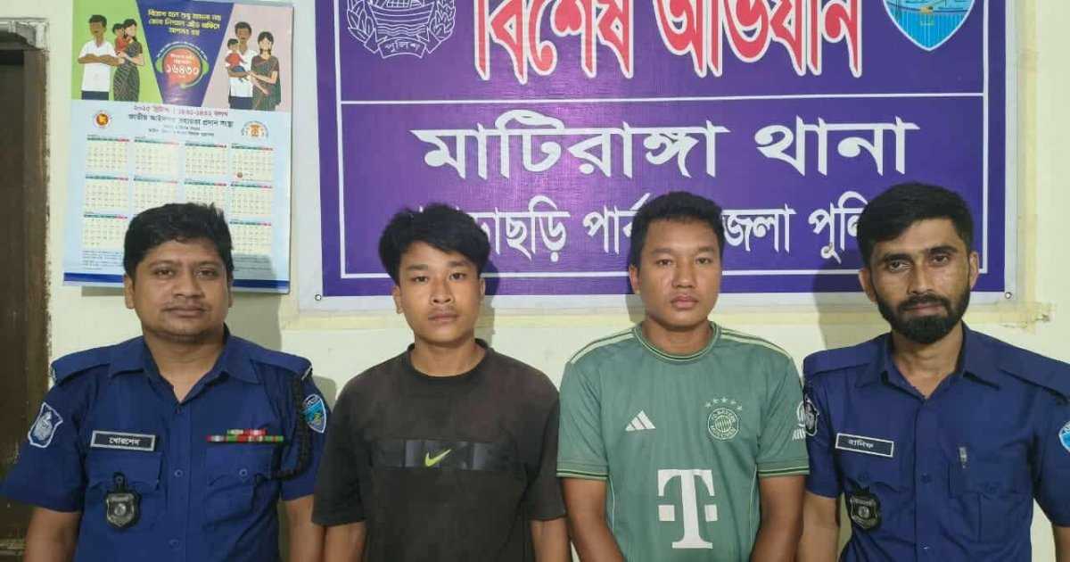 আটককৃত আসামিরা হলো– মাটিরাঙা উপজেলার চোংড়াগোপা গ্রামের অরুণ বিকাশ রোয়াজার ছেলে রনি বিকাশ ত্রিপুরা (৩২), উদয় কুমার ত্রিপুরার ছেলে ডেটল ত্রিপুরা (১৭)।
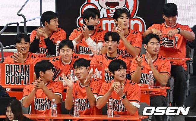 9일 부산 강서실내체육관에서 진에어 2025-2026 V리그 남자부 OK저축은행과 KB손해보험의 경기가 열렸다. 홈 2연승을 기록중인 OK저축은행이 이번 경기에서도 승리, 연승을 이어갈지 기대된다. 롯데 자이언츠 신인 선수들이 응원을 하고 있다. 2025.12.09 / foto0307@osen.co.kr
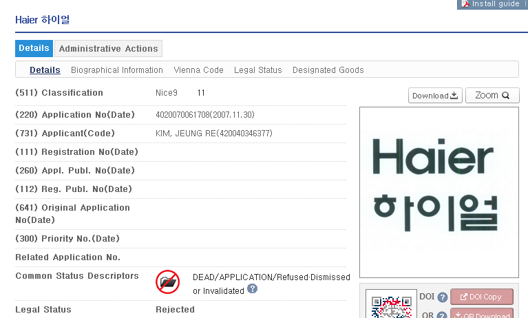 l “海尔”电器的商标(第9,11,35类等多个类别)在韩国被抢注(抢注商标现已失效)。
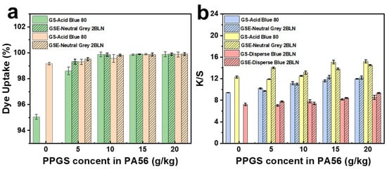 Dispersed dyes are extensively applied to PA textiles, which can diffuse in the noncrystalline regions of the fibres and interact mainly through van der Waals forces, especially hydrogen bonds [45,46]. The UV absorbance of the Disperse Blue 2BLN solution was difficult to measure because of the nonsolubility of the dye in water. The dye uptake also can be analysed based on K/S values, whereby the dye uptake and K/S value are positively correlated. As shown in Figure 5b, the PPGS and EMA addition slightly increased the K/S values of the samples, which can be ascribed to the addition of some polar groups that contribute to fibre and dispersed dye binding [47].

-.-.-

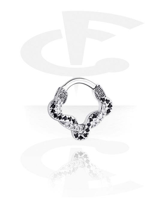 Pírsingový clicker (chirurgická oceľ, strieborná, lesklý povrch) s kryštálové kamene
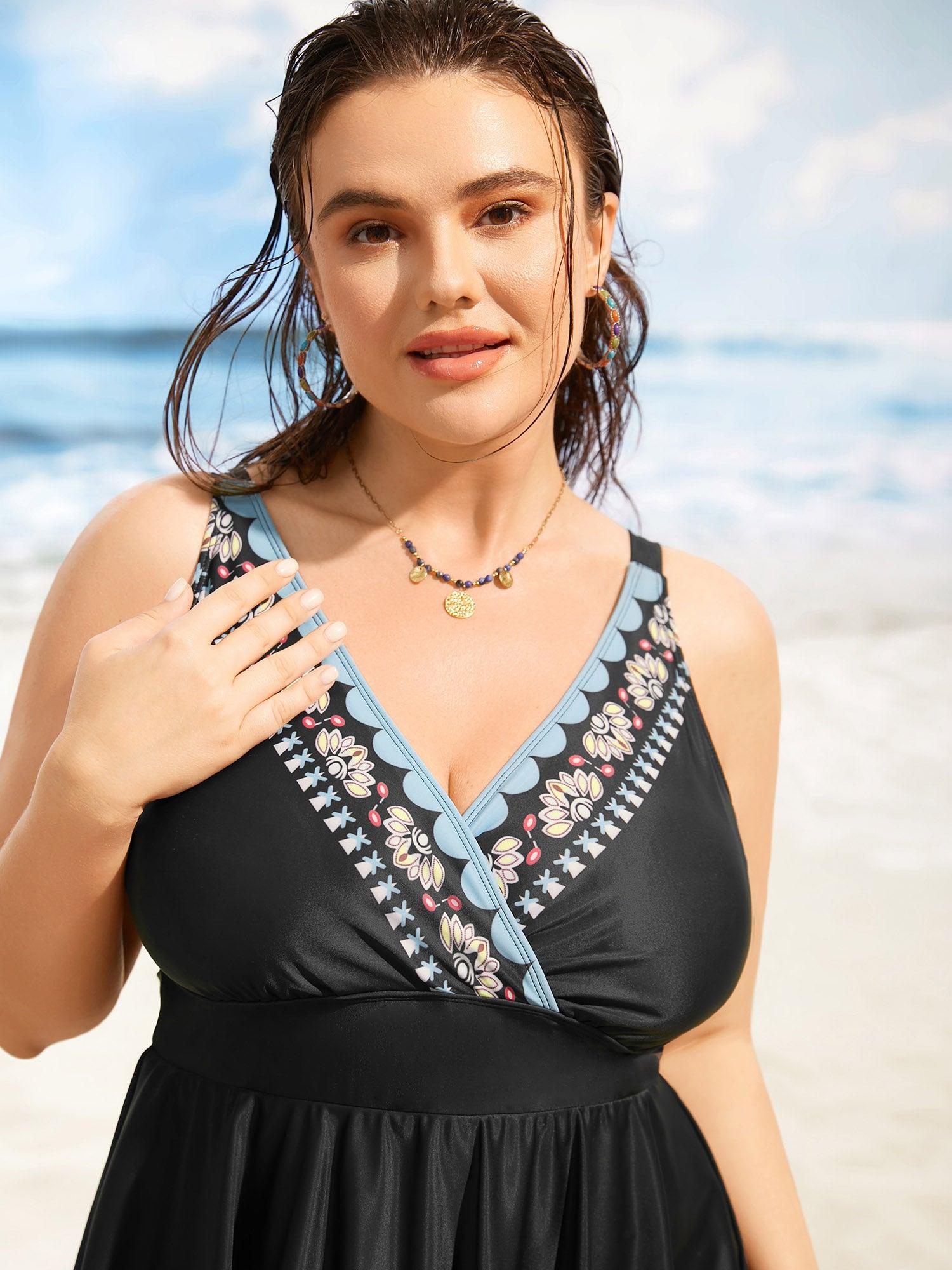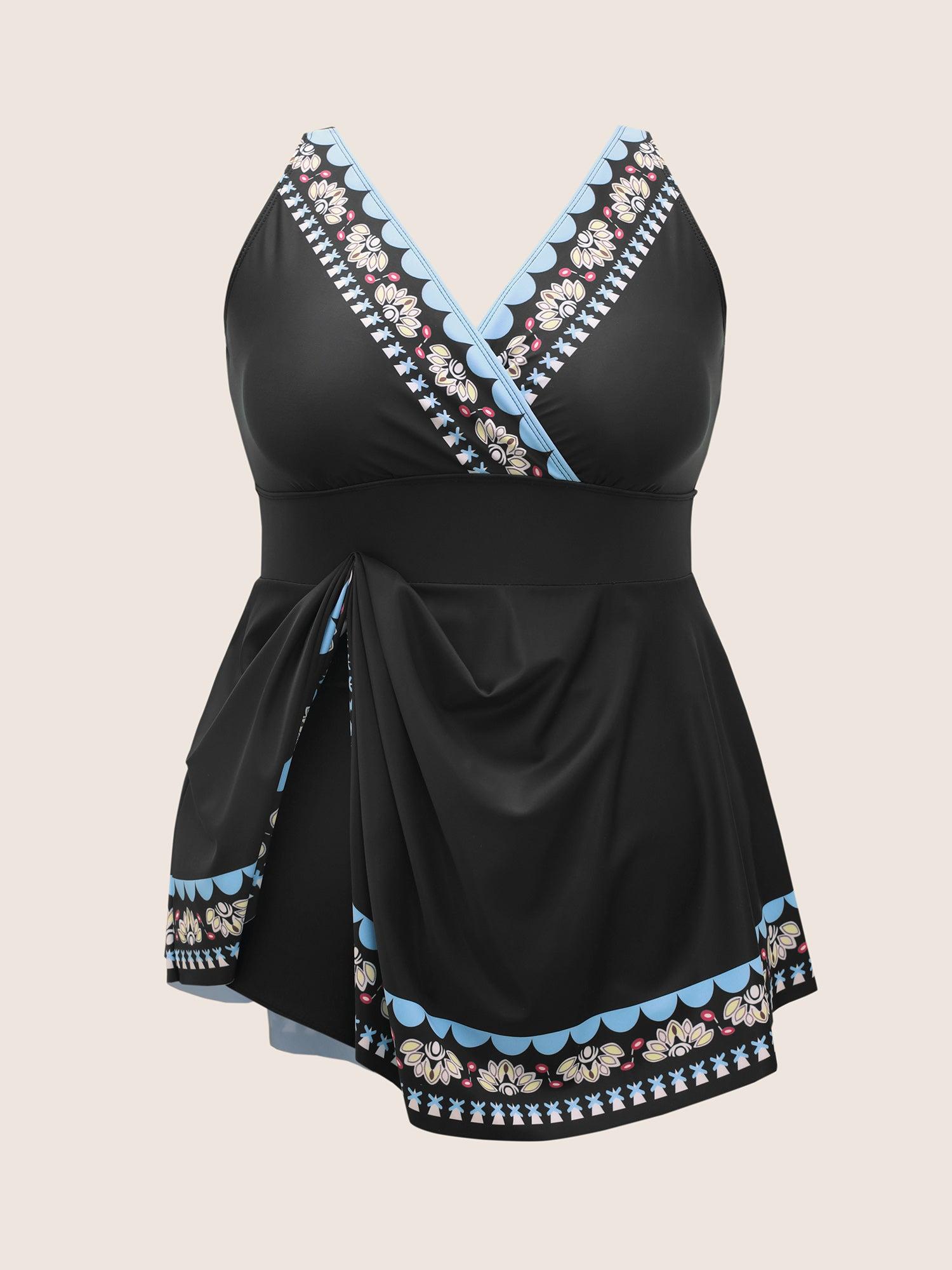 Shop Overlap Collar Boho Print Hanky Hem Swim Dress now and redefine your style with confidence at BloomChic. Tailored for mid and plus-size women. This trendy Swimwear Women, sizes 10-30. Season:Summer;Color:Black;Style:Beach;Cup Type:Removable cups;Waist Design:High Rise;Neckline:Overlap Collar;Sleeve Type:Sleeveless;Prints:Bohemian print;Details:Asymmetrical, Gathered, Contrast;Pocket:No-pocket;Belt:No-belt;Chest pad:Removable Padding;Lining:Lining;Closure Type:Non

-.-.-

**What the task requires:** Your reply should consist solely of the lines above from the line containing "আটককৃত আসামিরা হলো–" up to and including the line containing "Dispersed dyes are", reproduced exactly, minus the pictures.

**Answer to this exercise:**
 আটককৃত আসামিরা হলো– মাটিরাঙা উপজেলার চোংড়াগোপা গ্রামের অরুণ বিকাশ রোয়াজার ছেলে রনি বিকাশ ত্রিপুরা (৩২), উদয় কুমার ত্রিপুরার ছেলে ডেটল ত্রিপুরা (১৭)।
 9일 부산 강서실내체육관에서 진에어 2025-2026 V리그 남자부 OK저축은행과 KB손해보험의 경기가 열렸다. 홈 2연승을 기록중인 OK저축은행이 이번 경기에서도 승리, 연승을 이어갈지 기대된다. 롯데 자이언츠 신인 선수들이 응원을 하고 있다. 2025.12.09 / foto0307@osen.co.kr
 l “海尔”电器的商标(第9,11,35类等多个类别)在韩国被抢注(抢注商标现已失效)。
 Dispersed dyes are extensively applied to PA textiles, which can diffuse in the noncrystalline regions of the fibres and interact mainly through van der Waals forces, especially hydrogen bonds [45,46]. The UV absorbance of the Disperse Blue 2BLN solution was difficult to measure because of the nonsolubility of the dye in water. The dye uptake also can be analysed based on K/S values, whereby the dye uptake and K/S value are positively correlated. As shown in Figure 5b, the PPGS and EMA addition slightly increased the K/S values of the samples, which can be ascribed to the addition of some polar groups that contribute to fibre and dispersed dye binding [47].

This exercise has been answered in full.